5.1 Fluorescence Confocal Microscopy
Confocal imaging of agarose embedded and whole-mount embryo specimens were performed using the Zeiss LSM 710 microscope and Nikon Plan Apochromat 5×, 10×, 20×, and 40xW objectives. Embryos labeled with DAF-2DA were imaged with 5× and 10× objective and with at least 25 slices at 10 uM spacing. Images of the whole PHT stained for MHC, Hoescht, or Edu were taken with a 10× objective with at least 25 stacks at 10 uM spacing. Magnified images of nuclei in the myocardium of PHTs were taken with the 40xW objective with 30 slices at 1 uM spacing.

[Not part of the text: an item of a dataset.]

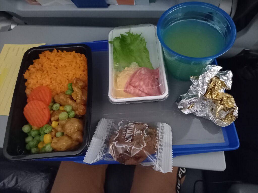 ユナイテッド航空で関空からグアムまでは3時間半くらいですが、機内食が出ました。子供たちは、キッズメニュー。離陸してから早々に持ってきてくれました。チキンライスとチキンでした。人参とグリンピースとポテトサラダ以外は、おいしそうに食べてました。

5.2 Image Processing and Analysis
Images were stitched and analyzed using Fiji(ImageJ)(Preibisch, Saalfeld, and Tomancak, 2009). The cell counting is automated with the help of a state-of-the-art deep learning technique. We train an artificial intelligence (AI) system to predict high scores near the centroid of each chicken nucleus in a 2D image (Figure 4). In order to avoid the curse of dimensionality, we have converted the task of nuclei counting in 3D image stacks into a nuclei detection problem in 2D projection of image slices. We first compute a maximum projection of slices from 3D confocal image stack. The nuclei locations in the 2D projected image are annotated by the biologist. Corresponding to the max-projected image, a target matrix is prepared by placing small gaussian peaks at the annotated center locations of the nuclei in a zero filled matrix(Hughes et al., 2018; Xie, Noble and Zisserman, 2018). The size of this matrix is equal to the size of the max-projected image. The problem of nuclei detection then reduces to matrix regression in a two-dimensional space. A U-net style autoencoder(Ronneberger, Fischer and Brox, 2015) is trained to regress the gaussian scores in response to the 2D input image in order to detect the nuclei centers. Subsequently, a 2D peak detection algorithm (Van Der Walt et al., 2014) when applied on the output scoremap produces the estimated locations of the nuclei. This method works because the nuclei distribution in 3D shifts slice wise so that their projection does not lead to major occlusion problems. Additional details can be found in the supplementary material. Our representative implementation of the cell counting methodology is available at: https://github.com/CCCofficial/cell-counting-chicken-embryo-myocardial
6.1 Statistical methods
Statistical significance was determined by the one-tailed t-test. All statistical analysis was performed with Prism 7 (Graphpad) and P values are reported (n.s. = p > 0.05, * = p ≤ 0.05). All error bars represent SEM.
Acknowledgements
We thank Lisa Galli for providing pivotal guidance in experimental procedures, as well as generously providing antibodies and laboratory tools used in this study. We also thank Dr. Takashi Mikawa for constructive discussions and his expertise in the field of embryonic cardiology. We thank Annette Chan and the Cell Molecular Imaging Center at SFSU for technical support with microscopy. Y.-H. M. C. and W. L. C. acknowledge funding from NIH award 1SC2GM118267 and the NSF STC Center for Cellular Construction award DBI-1548297. S.B. and S. K. B also thankfully acknowledge the NSF STC Center for Cellular Construction award DBI-1548297.